3. Intellectual Property. The Performer agrees to assume full responsibility for complying with
all State and Federal Intellectual Property Laws and any other regulations, including, but not limited
to, the assumption of any and all responsibilities for paying royalties that are due for the use of other
third-party copyrighted works by the Performer. The City expressly assumes no obligations,implied
or otherwise, regarding payment or collection of any such fees or financial obligations. The City
specifically does not authorize, permit, or condone the reproduction or use of copyrighted materials
by Performer without the appropriate licenses or permission being secured by Performer in advance.

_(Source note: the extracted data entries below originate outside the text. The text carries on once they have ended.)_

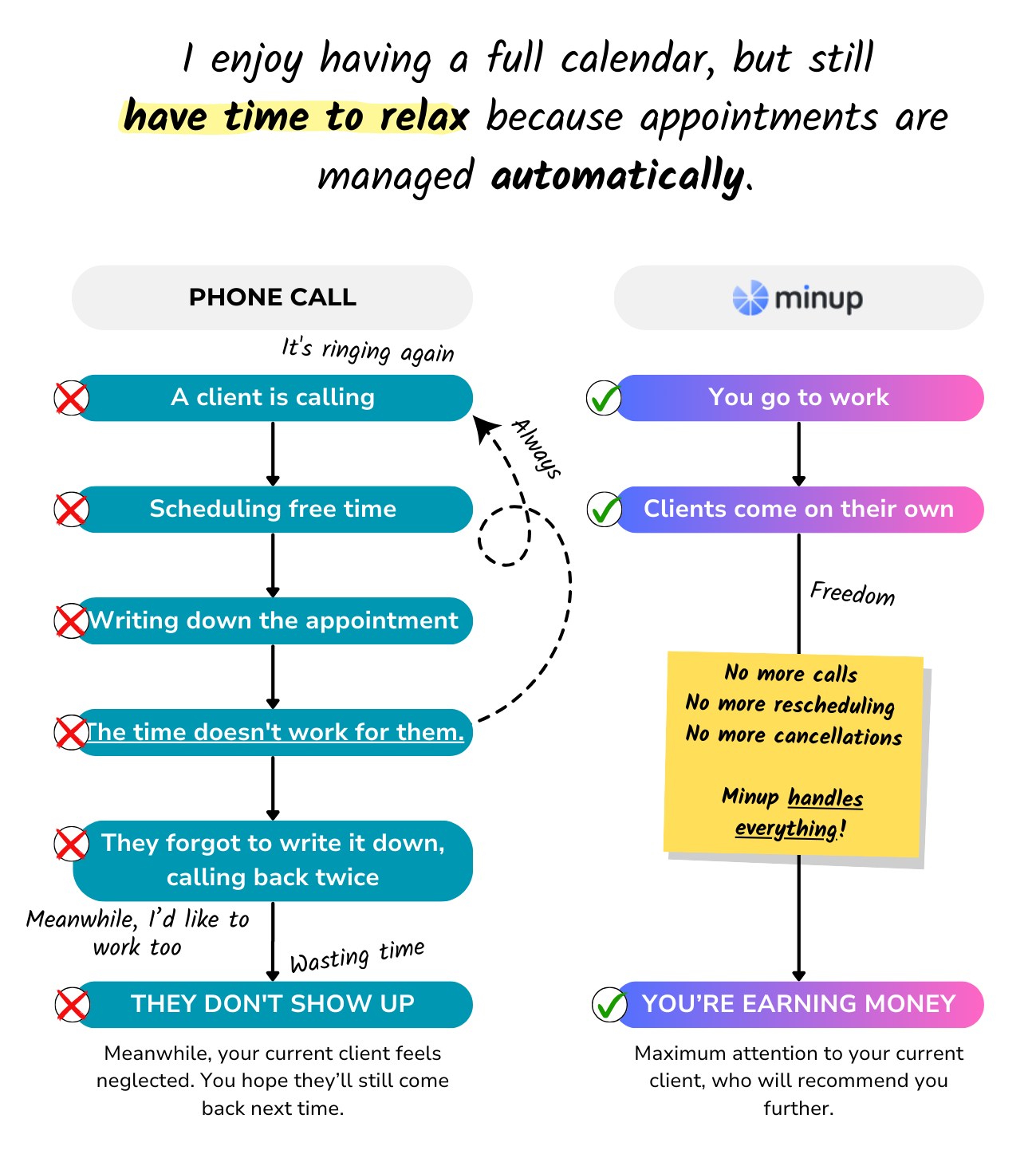 As a hand and foot care professional, I find Minup very helpful. My guests can see when I'm available and when they can book appointments. And with manual booking confirmation, I can make sure to only take serious guests. Plus, it syncs with my Google calendar.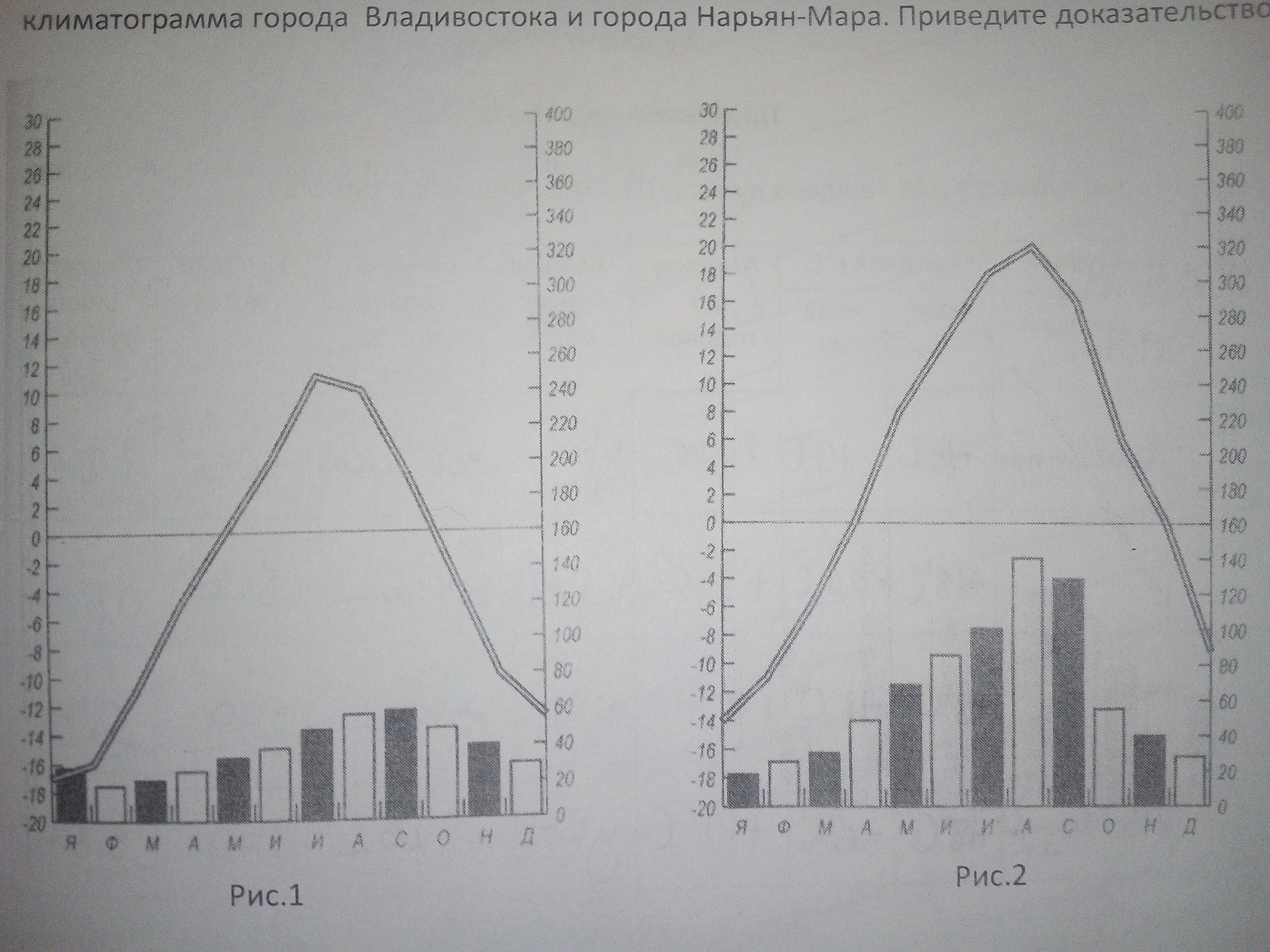 На основе карт атласа и информации, содержащейся в климатограмме, определите какому рисунку соотвествует климатограмма города Владивосток и Нарьян-Мара. Приведите доказательство ваших суждений.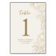Surprise botanique or ivoire crème pour le numéro de table de célébration du 50e anniversaire de mariage. Design moderne minimaliste avec accents botaniques et police de caractères script. Carte florale simple parfaite pour une fête élégante.

IT IS FURTHER AGREED THAT PERFORMER SHALL RELEASE, DEFEND,
INDEMNIFY, AND HOLD HARMLESS CITY FROM AND AGAINST ANY AND ALL
CLAIMS, LOSSES, DAMAGES, ACTIONS, OR EXPENSES OF EVERY TYPE AND
DESCRIPTION, INCLUDING, BUT NOT LIMITED TO, ATTORNEY'S FEES, TO
WHICH THEY MAY BE SUBJECTED ARISING OUT OF PERFORMER'S USE OF ANY
COPYRIGHTED MATERIAL BY REASON OF AN ALLEGED OR ACTUAL
COPYRIGHT VIOLATION OR OTHER LACK OF OWNERSHIP, AUTHORSHIP, OR
ORIGINALITY.The City expressly assumes no obligation to review or obtain appropriate licensing
and all such licensing shall be the exclusive obligation of the Performer.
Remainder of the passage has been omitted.